Leave every image behind and restate the data word for word.

## Material provided

━━━━━━━━━━━━━━━━━━━━

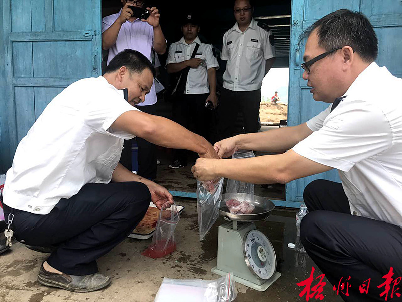 ????8月16日,在蒼梧縣京南鎮新寨網箱水產養殖合作社網箱魚排,市、縣兩級漁政部門執法人員進行養殖用藥抽樣檢測。
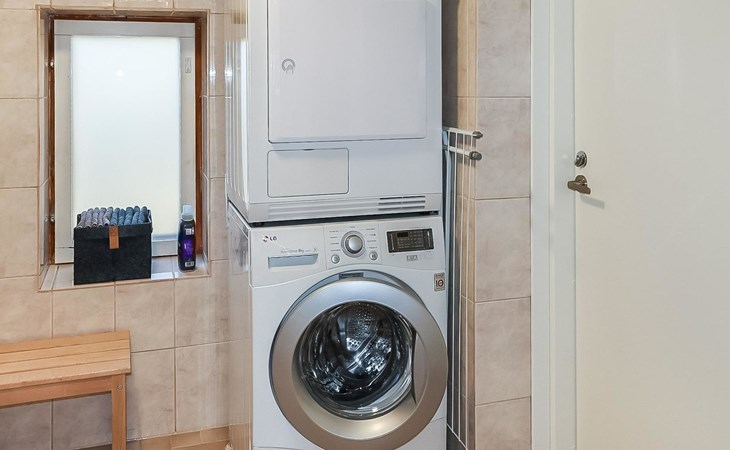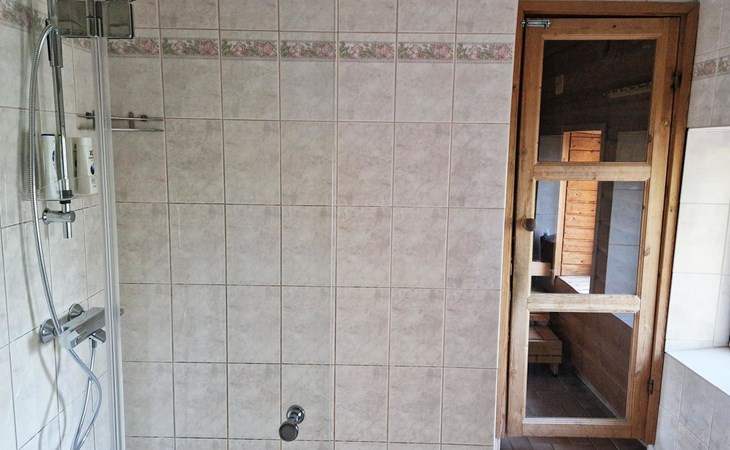 Wood-heated sauna, one shower in the bathroom. In connection with the bathroom, there is a washing machine and a tumble dryer.
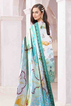 Dupatta: Vibrant Digital Print Dupatta. Showcases a shimmering, light floral pattern finished with a detailed sea green border print.
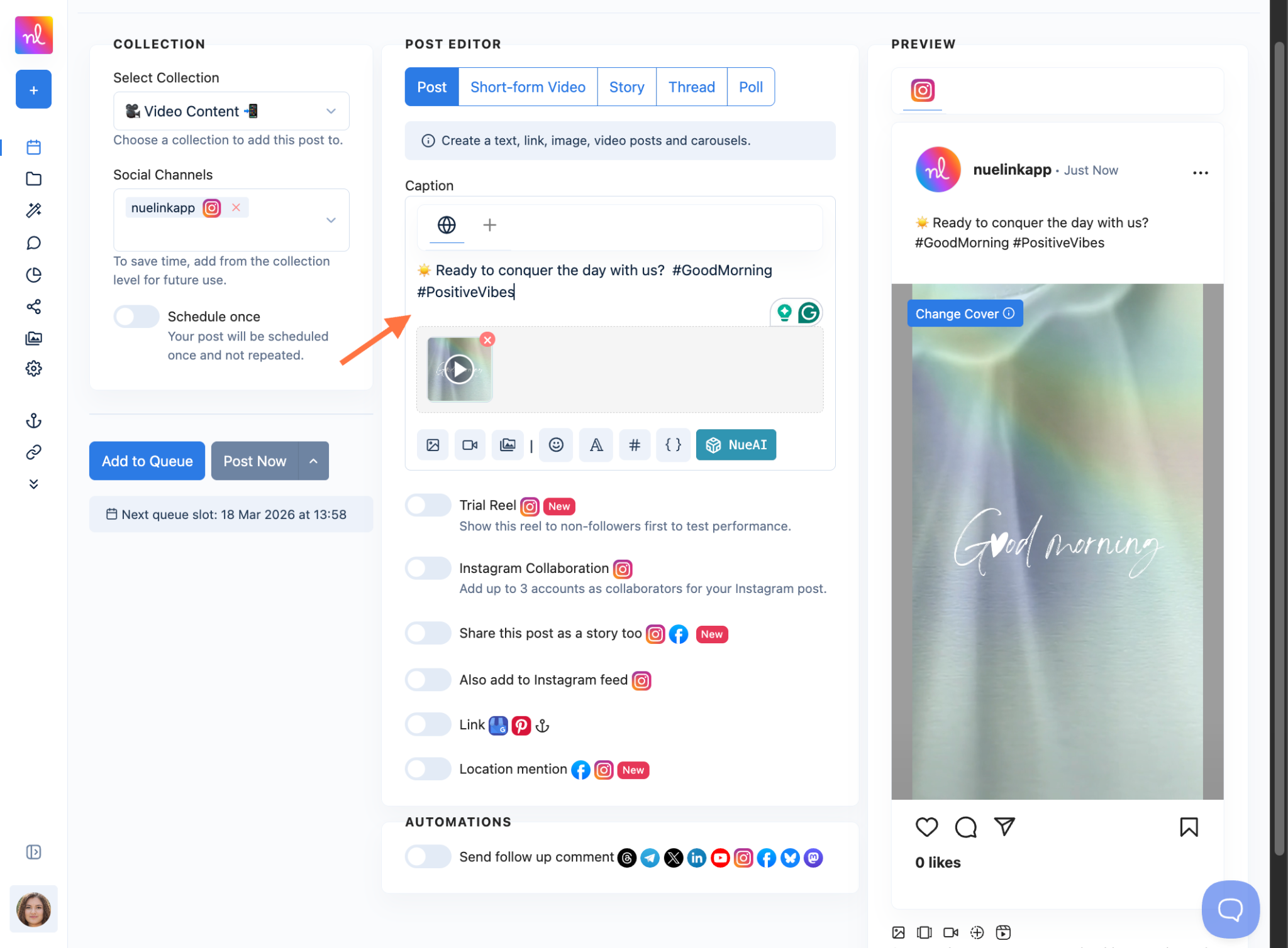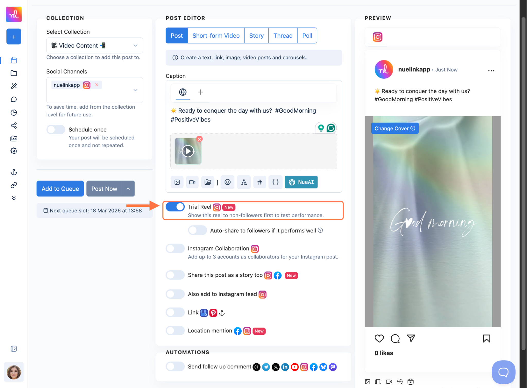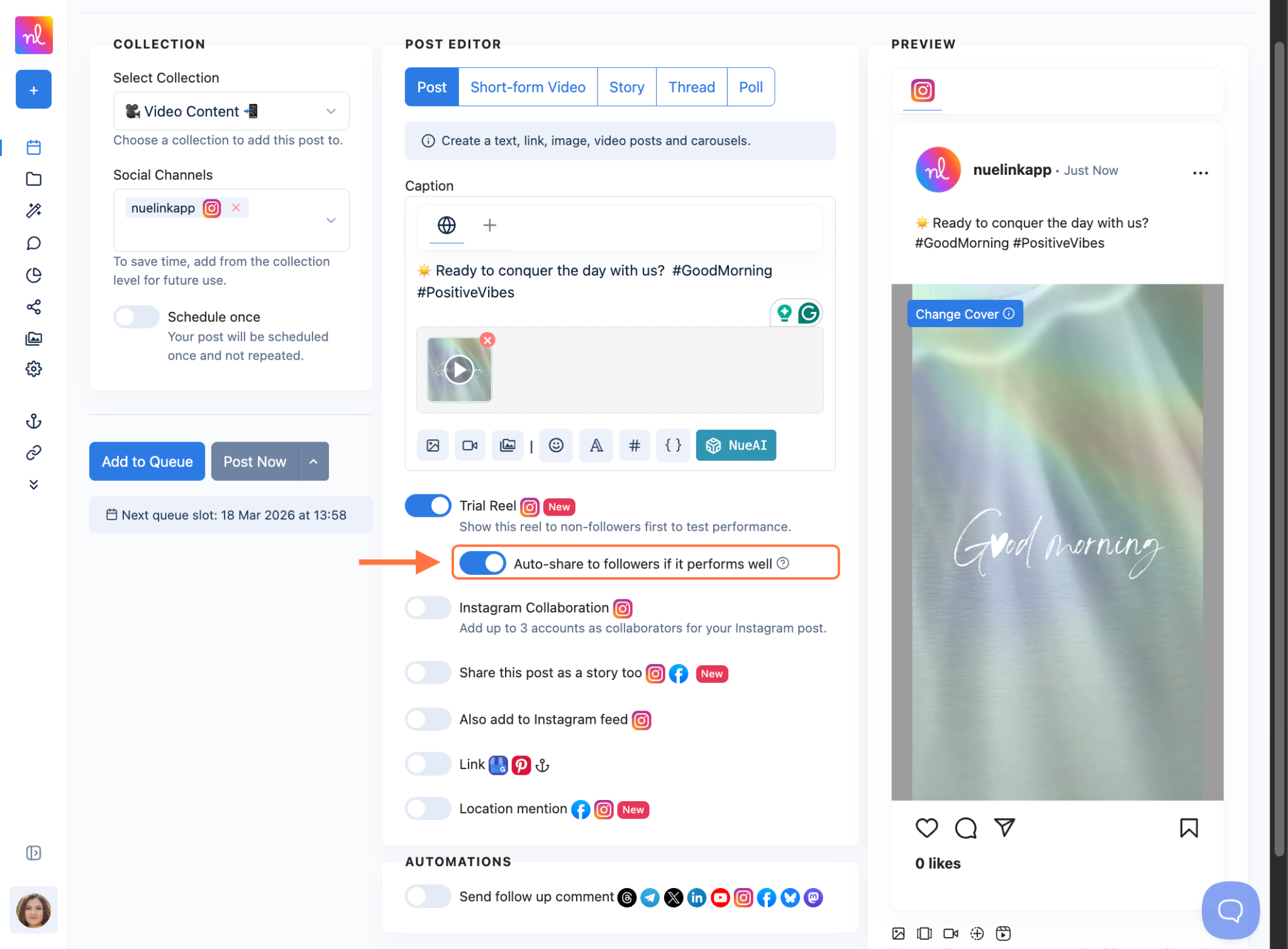 You can schedule your Instagram Trial Reels directly from Nuelink, plus an option to auto-share to followers if the reels perform well. Make sure you have your Instagram Account connected beforehand.

━━━━━━━━━━━━━━━━━━━━

## Answer area
 ????8月16日,在蒼梧縣京南鎮新寨網箱水產養殖合作社網箱魚排,市、縣兩級漁政部門執法人員進行養殖用藥抽樣檢測。
 Wood-heated sauna, one shower in the bathroom. In connection with the bathroom, there is a washing machine and a tumble dryer.
 Dupatta: Vibrant Digital Print Dupatta. Showcases a shimmering, light floral pattern finished with a detailed sea green border print.
 You can schedule your Instagram Trial Reels directly from Nuelink, plus an option to auto-share to followers if the reels perform well. Make sure you have your Instagram Account connected beforehand.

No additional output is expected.